Recorded data.
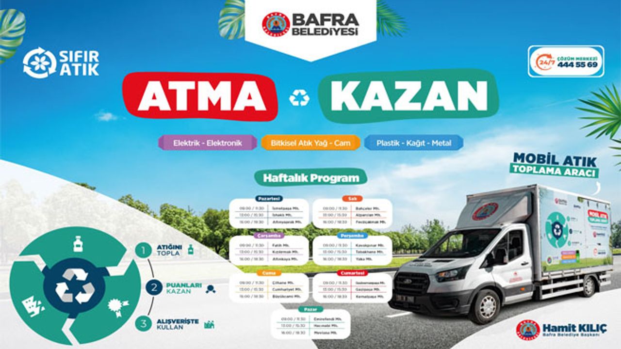 Belediye Başkanı Hamit Kılıç, Bafra Belediyesi Kartlı Mobil Atık Otobüsü ve atma kazanalım sistemi kapsamında Entegre Katı Atık Yönetim Sistemi anlayışı, geri kazanılabilir atıkların toplama günleri oluşturularak etkin bir şekilde yönetimini (geri dönüşüme ve ekonomiye kazandırılması) hedeflendiğini bildirdi.
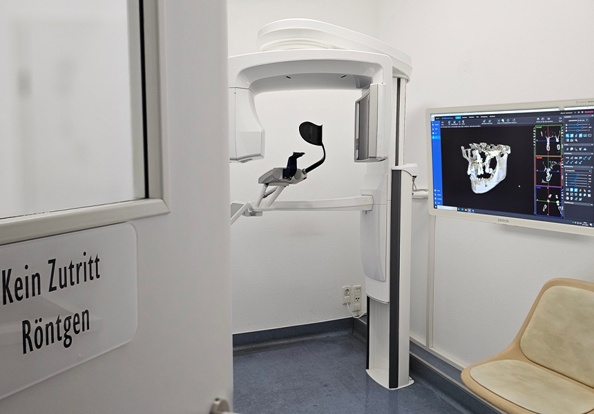 Im Rahmen der Umsetzung weiterer innovativer Konzepte hat das Zentrum für Mund-Kiefer-Gesichtschirurgie und Zahnmedizin einen der weltweit modernsten Volumen-Tomographen installieren lassen. Das Gerät „Viso G5“ aus Finnland liefert unglaublich schnell präzise dreidimensionale Darstellungen von allen Regionen des Viszerocraniums bis hin zum gesamten Schädel. Das alles geschieht mit einer extrem reduzierte Strahlungsdosis. Damit ist es sogar auch möglich, bei entsprechenden Indikationen auch Kinder zu untersuchen.
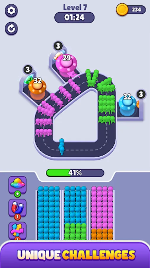 Join the people jam, enjoy the color jam puzzle flow, and experience the ultimate puzzle flow adventure! Can you solve every level before the people jam fills up?
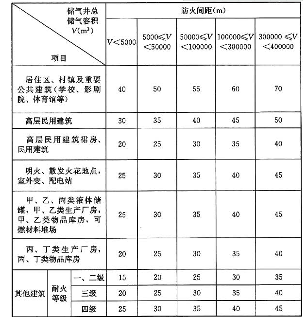注:1 储气井总储气容积按储气井几何容积(m³)与最高储气压力(绝对压力,102kPa)乘积并除以压缩因子后的总和计算。2 居住区、村镇指居住1000人或300户以上的地区。高层建筑达到居住区规模时,应按居住区对待。

Work order. Return the full listing above verbatim, please, but without its images.

Answer section.
 Belediye Başkanı Hamit Kılıç, Bafra Belediyesi Kartlı Mobil Atık Otobüsü ve atma kazanalım sistemi kapsamında Entegre Katı Atık Yönetim Sistemi anlayışı, geri kazanılabilir atıkların toplama günleri oluşturularak etkin bir şekilde yönetimini (geri dönüşüme ve ekonomiye kazandırılması) hedeflendiğini bildirdi.
 Im Rahmen der Umsetzung weiterer innovativer Konzepte hat das Zentrum für Mund-Kiefer-Gesichtschirurgie und Zahnmedizin einen der weltweit modernsten Volumen-Tomographen installieren lassen. Das Gerät „Viso G5“ aus Finnland liefert unglaublich schnell präzise dreidimensionale Darstellungen von allen Regionen des Viszerocraniums bis hin zum gesamten Schädel. Das alles geschieht mit einer extrem reduzierte Strahlungsdosis. Damit ist es sogar auch möglich, bei entsprechenden Indikationen auch Kinder zu untersuchen.
 Join the people jam, enjoy the color jam puzzle flow, and experience the ultimate puzzle flow adventure! Can you solve every level before the people jam fills up?
注:1 储气井总储气容积按储气井几何容积(m³)与最高储气压力(绝对压力,102kPa)乘积并除以压缩因子后的总和计算。2 居住区、村镇指居住1000人或300户以上的地区。高层建筑达到居住区规模时,应按居住区对待。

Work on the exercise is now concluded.